Moreh in Wikipedia
Moreh is a name of a location, commonly used in the Genesis.
Translators who consider the obscure elon moreh of Genesis
12:6 to be the name of a locality, render it as "the plains
of Moreh". Translators who consider the term to be a sacred
tree or grove, often render it "terebinth," a tree notable
for its size and age in dry landscapes of the region. The
noble terebinth is a member of the pistachio and sumac
family. Thus for them, at Shechem, grew the terebinths,
elone moreh: "Abraham passed through the land as far as the
site of Shechem, at the Terebinths of Moreh. The Caananites
were then in the land" (Genesis 12:6). This tree or grove,
with a name that must mean "teacher," "oracle" was a
landmark in the area called the "plains of Moreh"
(Deuteronomy 11:30) or the "hill of Moreh" (Judges 7:1).
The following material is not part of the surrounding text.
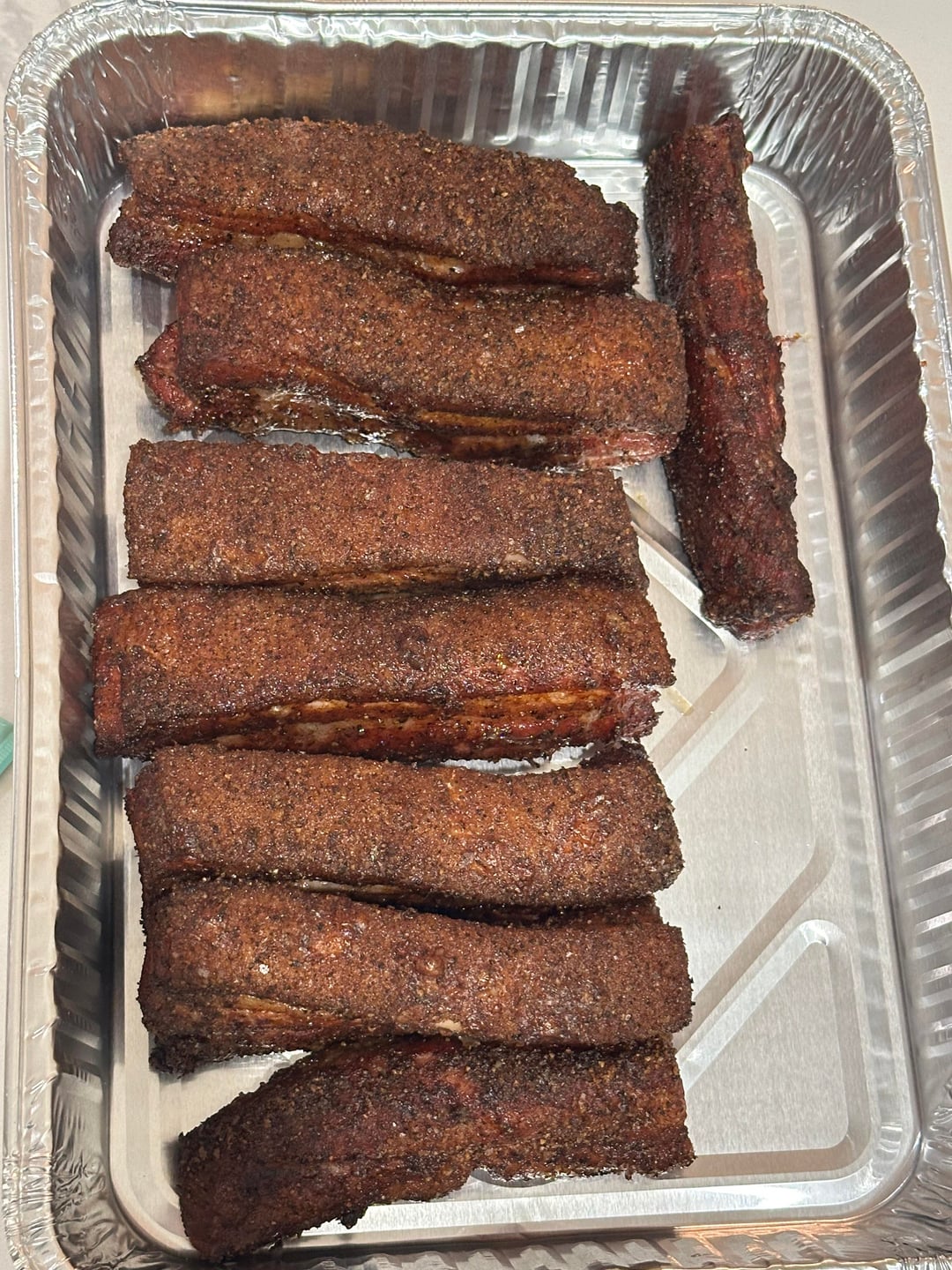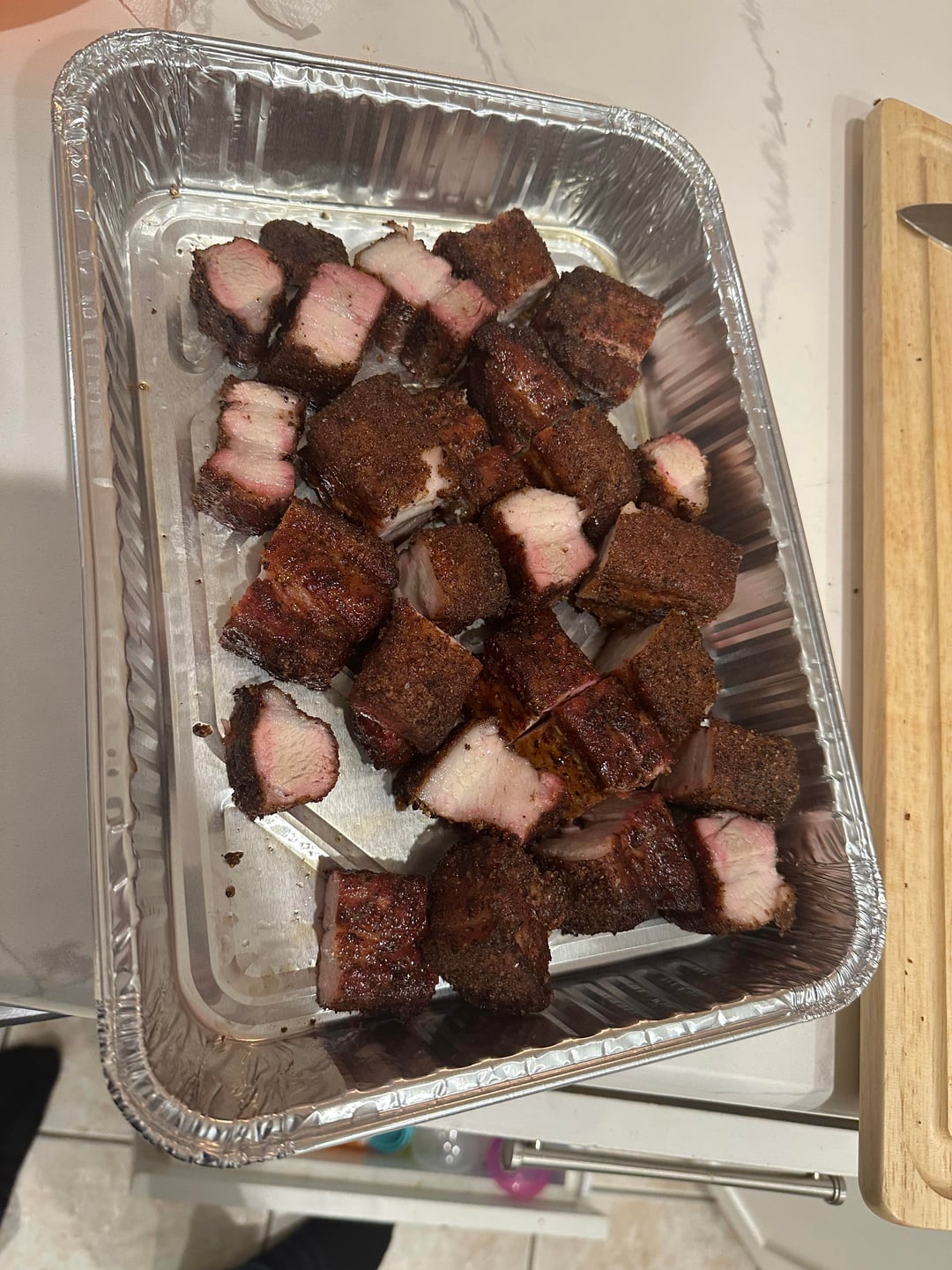 My lawd.Rubbed in Kimber’s all-purpose and smoked low at 225° for 2 hours. After I brought it to 300° until 200-205°.Pulled it out to rest for a bit, then put BBQ sauce and maple syrup on. Total time around 4hrs.by DillDeer 4 Comments DillDeer 3 days ago Kinder* not Kimber. 1911s on my mind. sportyfunguy 3 days ago What do I ask for the cut of pork? EmpatheticRock 3 days ago Burnt end are brisket/beef. spinpuzzle 3 days ago Here comes the “burnt end” extremists.They look delicious! Bravo!

Genesis 35:4: And they gave unto Jacob all the strange gods
which [were] in their hand, and [all their] earrings which
[were] in their ears; and Jacob hid them under the oak which
[was] by Shechem. A neutral reading discovers that the tree,
oak or not, grew above buried idols and dedicated treasure,
the Hebrews remembered, and they associated the burial of
these things with the patriarchal age.
The site of Moreh, a hill by which Gideon camped before he
attacked the Midianites, is sometimes identified with modern
Nebi Dahi, Israel, south of Mount Tabor but this has not
been confirmed on the ground.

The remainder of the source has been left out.